I’ve noticed that more and more celebrities, politicians, broadcasters and sports figures are saying things that offend people. Reporting gaffs, if they are indeed that, has become its own news genre.
What people say rarely offends me. I’m an advocate of free speech. And I like to hear what people really think. Don’t others feel this way? It is difficult for me to believe that, say, a Jew, would prefer an anti-Semitic congressman keep quiet and never be found out, rather than speak honestly and reveal himself.
Do those who complain about people like Roland Martin think Roland Martin would be a different person if he didn’t say what he said?
I once found myself among a large group of traveling North Koreans. They didn’t say a word, didn’t crack a facial expression, didn’t show they were human. Fear encapsulated them. I’d much rather be around a bigot than an automaton. I’m hoping the current tendency to castigate offensive utterances doesn’t turn Americans into North Koreans.
Can’t we just ignore celebrity offenders? That’s severe punishment, since these are people who can’t seem to live without attention.
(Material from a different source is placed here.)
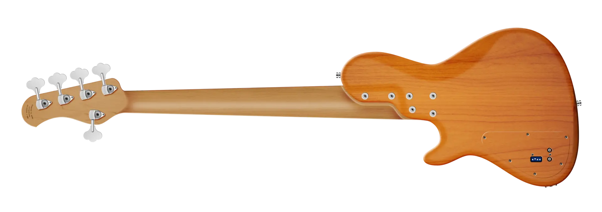Der Sadowsky MasterBuilt 24-Fret Single Cut Bass 5-saitiger Bass verfügt über einen schlanken Single-Cut-Stil Korpus aus amerikanischer Roterle (chambered) mit einer Honey Violin Transparent Satin Lackierung. Der Hals ist aus geröstetem amerikanischem Ahorn gefertigt und mit einem Morado (Pau Ferro) Griffbrett ausgestattet. Zu den besonderen Merkmalen dieses Basses gehören Sadowsky Soapbar Pickups sowie Rogers berühmte Elektronik mit einem Preamp mit schaltbarem Mid-Boost und Trimmpoti (wahlweise 500 oder 800 Hz, schmal- oder breitbandig), Vintage Tone Control und Preamp Bypass. Zu den Reglern gehören Volume, Balance, VTC (P/P), Treble und Bass. Die Hardware umfasst eine Sadowsky Quick String Release Bridge und leichte, offene Sadowsky Mechaniken. Ein Sadowsky MasterBuilt 24-Fret Single Cut Bass, der ausschließlich in Deutschland hergestellt wird, wiegt nie mehr als 3,8 kg. Er ist eine gute Wahl für Spieler, die einen leichten Single-Cut-Bass mit dem berühmten Sadowsky-Ton suchen: ein starker, kraftvoller Bass, der nie matschig ist. Mitten, die präsent, aber nicht zu aggressiv sind, und ein süßer und luftiger Höhenbereich.

There once was a politician in my town who probably was a good fellow at heart. He liked to make jokes and never worried about offending people. He thought himself a scream. He held a high county office and once had to deal with a small riot in a Hispanic neighborhood.
He was unable to play it straight.
During a public meting he said this: “We could have avoided the problem if someone had just put up a taco stand.”
He was roundly criticized.
At the next meeting, he took the podium to apologize, even though he was not the kind of man to do so.
“I was completely wrong,” he told his audience. “It’s the Mexicans who like tacos. The people who rioted were Puerto Ricans.”
And he belly laughed.
Was this man a racist or simply a failed comedian?
To me he was someone who refused to hide himself. If I chose to, I could have run from him, knowing more about him than I knew about most people.
He lost the next election, retired and died. Roland Martin, on the other hand, probably has followers on social media than ever before.